Yeah, you can program it to a lower voltage...
But you will be current limited.

The NLG513 will put out half the current than the NLG511, when operating below the recommended voltage output range


----------



## mfox (Feb 3, 2013)

tnx for answer


----------



## flemmz (Jun 10, 2015)

Well I have a NLG511 and its to low voltage, and looking for a NLG513.... but 230v ac version. Do you have a 110V AC version?


----------



## WolfTronix (Feb 8, 2016)

The NLG513 (and NLG511) will both run on 110VAC, and you can program how much current it pulls from the outlet... But neither will run at full power on 110VAC.

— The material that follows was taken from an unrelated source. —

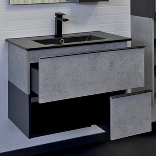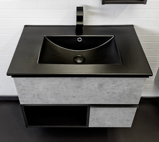 Тумба с раковиной Франкфурт 75 75EMB подвесная бетон светлый/черная

NLG511 in CAN mode running on 120VAC:
https://youtu.be/Jajgxm1d0bs






Are you interested in trading your NLG511 for my NLG513? 

How old is your NLG511?
Does it support CAN?
Pics?

Thanks, 
Wolf


----------



## flemmz (Jun 10, 2015)

Im not shure how old it is. Its was in a car that had 9000km in it and this was replacement charger. Original it was a Zivan ng3 charger pwm controlled, but the Brusa Charger is CanBus. Can take some more photos if you are interested. I will have to check shipping cost.


----------



## WolfTronix (Feb 8, 2016)

That looks like it is around the same vintage as my NLG511.

The NLG513 I have is from the Azure Dynamics auction, so it is much newer. 

Are you in the United States?
If so shipping is around $30-50 (UPS, FedEx), depending on how far you are form Illinois.

Thanks,
Wolf


----------



## flemmz (Jun 10, 2015)

Im around 219 overnight charging stops away from Illinois. Norway in Europe.... I have not checked the weight, but from here to Illinois my guess is 80-100 usd.


----------



## WolfTronix (Feb 8, 2016)

I am leery of shipping a charger over seas...

I think I will wait for one to domestically become available.

Sorry,
Wolf


----------